- Wietrze cierpię, pociesz mnie. – poprosiła zapłakana i
drżąca kobieta.
- Nie, nie pocieszę cię! Ciesz się swoim cierpieniem, doceń
je, bo dzięki niemu doświadczasz siebie, podnosisz się z upadku, wygrywasz w
walce, stajesz się większa, budzisz się ze snu. Natomiast moje pocieszenie,
pomocna dłoń i dobre słowo przyjaciela, to trucizny, to rozbrajanie ciebie, odprężanie
tam, gdzie powinnaś włożyć wysiłek, by pokonać siebie, by się wzmocnić, by
napiąć muskuły.
Dlatego zawsze, gdy cierpisz dmucham ci w twarz, tam gdzie
oczekujesz popychania sprzeciwiam ci się, dokładam ci jeszcze od siebie moje
„nie”.
Pocieszenie jest trucizną dla zrozumienia, jest przeciwne
twojej prawdzie, usypia twoją mądrość, przytępia twoją inteligencję.

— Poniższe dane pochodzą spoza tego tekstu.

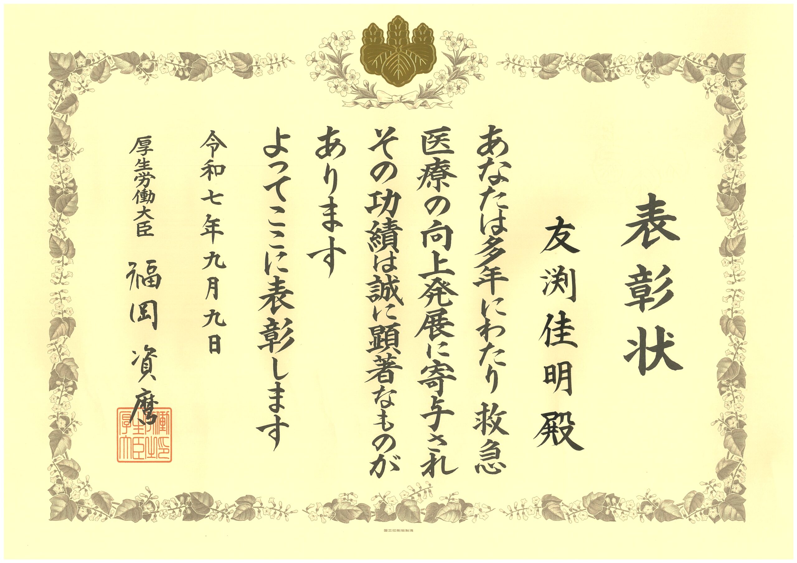 救急医療功労者厚生労働大臣表彰受賞しました 2025.12.18 令和7年9月9日(火)に、本年度の救急医療功労者厚生労働大臣表彰の表彰式が開催され、 当院院長の友渕医師が受賞しました。この表彰は、厚生労働大臣が、都道府県知事の推薦のもと、 長年にわたり地域の救急医療の確保や救急医療対策の推進に貢献した個人や団体、 医療機関の功績を称えるものです。 循環器内科医として長年にわたって地域の救急医療を支えてこられた友渕医師の功績が認められ、 今回の受賞に至りました。 今後も、地域の皆様の安心と安全を守るため、救急医療の現場で力を尽くしてまいります。 年末年始の外来診療および面会について 前の記事 誠佑記念病院公式Instagramはじめました! 次の記事

Gdy nie dam ci pocieszenia, gdy przyjaciel cofnie pomocną
dłoń, gdy dmuchnę ci deszczem i śniegiem, piaskiem w oczy, wzmocnisz swoją
wewnętrzną walkę, a dzięki niej wygrasz, wygrasz siebie, zrozumiesz, poznasz
prawdę.
Dlatego nie licz na mnie! Cierp i walcz! Ciesz się kłodą pod
nogami, pokonaj huragan i sztorm, niech się twoje wnętrze upora z wulkanem
energii twoich zmysłów i twoich słabości, z chaosem twoich myśli. Pokonaj
wszystkie przeciwne prądy, a dopiero wtedy odkryjesz swoją wielkość.
Zawsze stanę naprzeciwko ciebie, nie będę dmuchał w twe
plecy.
Zapamiętaj to! Tylko ktoś, kto cię wzmacnia jest twoim
przyjacielem, nawet wtedy, gdy masz go za wroga. Ktoś, kto cię pociesza nim nie
jest, bo wskazuje ci fałszywe drogi, bo odbiera ci siły, nie pozwala ujrzeć
prawdziwej siebie, zatruwa współczuciem. Jest twoim wrogiem.
Jestem twoim przyjacielem, więc nie licz na moje współczucie,
na pocieszenie, a żagle naucz się ustawiać sama! – tak jej odparł.
Piotr Kiewra
Żagle zawsze musimy stawiać sami, ale miło wiedzieć ,że jest obok nas ktoś , kto nas rozumie wspiera , dopinguje dodaje nam sił. Upadamy i podnosimy się sami tylko różny jest czas u różnych ludzi między tymi dwoma czynnościami. Lubię Piotr Twoje opowiadania.Ala.